Endoplasmic reticulum is a major intracellular source for Ca2+. The maintenance of Ca2+ homoeostasis plays a key role in several aspects of β-cell physiology, including insulin production and secretion and the maintenance of ER function. The ER stress response can be activated in conditions of ER Ca2+ depletion. After establishing that DEHP triggered the ER stress response in INS-1 cells, this study subsequently investigated the possibility that DEHP would perturb the normal regulation of ER Ca2+ homoeostasis. Our data showed that DEHP significantly decreased ER Ca2+ storage and increased the intracellular free Ca2+ ([Ca2+]i), paralleling the activation of ER stress.

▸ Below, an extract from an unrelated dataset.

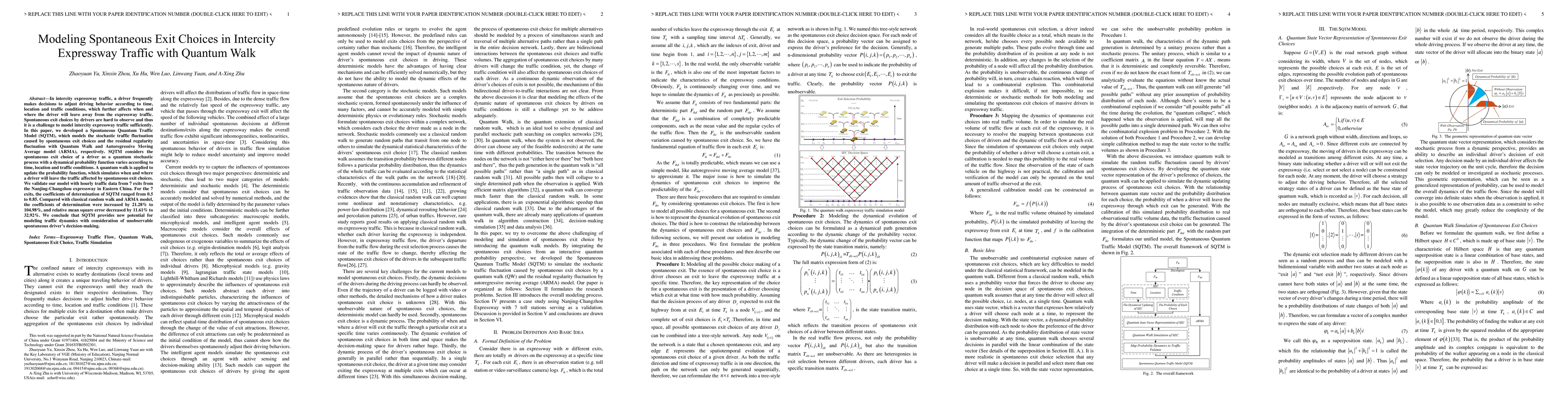 In intercity expressway traffic, a driver frequently makes decisions to adjust driving behavior according to time, location and traffic conditions, which further affects when and where the driver will leave away from the expressway traffic. Spontaneous exit choices by drivers are hard to observe and thus it is a challenge to model intercity expressway traffic sufficiently. In this paper, we developed a Spontaneous Quantum Traffic Model (SQTM), which models the stochastic traffic fluctuation caused by spontaneous exit choices and the residual regularity fluctuation with Quantum Walk and Autoregressive Moving Average model (ARMA), respectively. SQTM considers the spontaneous exit choice of a driver as a quantum stochastic process with a dynamical probability function varies according to time, location and traffic conditions. A quantum walk is applied to update the probability function, which simulates when and where a driver will leave the traffic affected by spontaneous exit choices. We validate our model with hourly traffic data from 7 exits from the Nanjing-Changzhou expressway in Eastern China. For the 7 exits, the coefficients of determination of SQTM ranged from 0.5 to 0.85. Compared with classical random walk and ARMA model, the coefficients of determination were increased by 21.28% to 104.98%, and relative mean square error decreased by 11.61% to 32.92%. We conclude that SQTM provides new potential for modeling traffic dynamics with consideration of unobservable spontaneous driver's decision-making.

Elevated [Ca2+]i observed in DEHP-exposed cells was likely a result of enhancing Ca2+ leakage from the ER. In this study, we showed that DEHP exposure significantly decreased the expression of Serca2b, one of the predominant SERCA isoforms expressed in the pancreatic islet, which was consistent with the data from the studies of rodent diabetic islets 51,52 and human islets isolated from cadaveric T2DM diabetic donors 53. Because Serca2b is mainly responsible for removing Ca2+ from the cytosol back into ER Ca2+ storage 54, DEHP-induced down-regulation of Serca2b expression could result in an unbalance between the continuous leakage of Ca2+ from the ER and the SERCA pump mediated reuptake of Ca2+, ultimately causing ER Ca2+ depletion and activation of the ER stress. In addition, PMCA2 transcription levels were decreased by the treatment with 25, 125 or 625 μM DEHP, whereas the amount of Ncx1 was increased with 625 μM DEHP. PCAM and NCX are responsible for Ca2+ extrusion and clearance from the β cells 55,56. The changes in PMCA2 and Ncx1 levels would result in an inability to transport the increased Ca2+ load, the progressive intracellular Ca2+ toxicity, and ultimately, activation of apoptosis in INS-1 cells after higher doses of DEHP.

In conclusion, the present study provided the first evidence that oxidative stress and ER stress response were able to be induced by DEHP in INS-1 cells, where they may interrelate and form a ‘stress loop’, finally contributing to the abrogated GSIS, reduced insulin content and the activation of apoptosis. DEHP is an important environmental risk factor for type 2 diabetes. However, we acknowledge that there are some limitations of this study: there are difficulties in extrapolating the result obtained in vitro to that in vivo; therefore, this study cannot be taken as clear evidence for concern regarding real-life human exposure. To address this question, further analysis in animal models are necessary to better understand the cellular and molecular mechanisms of DEHP on pancreatic β cells on the basis of the observed effects of this study.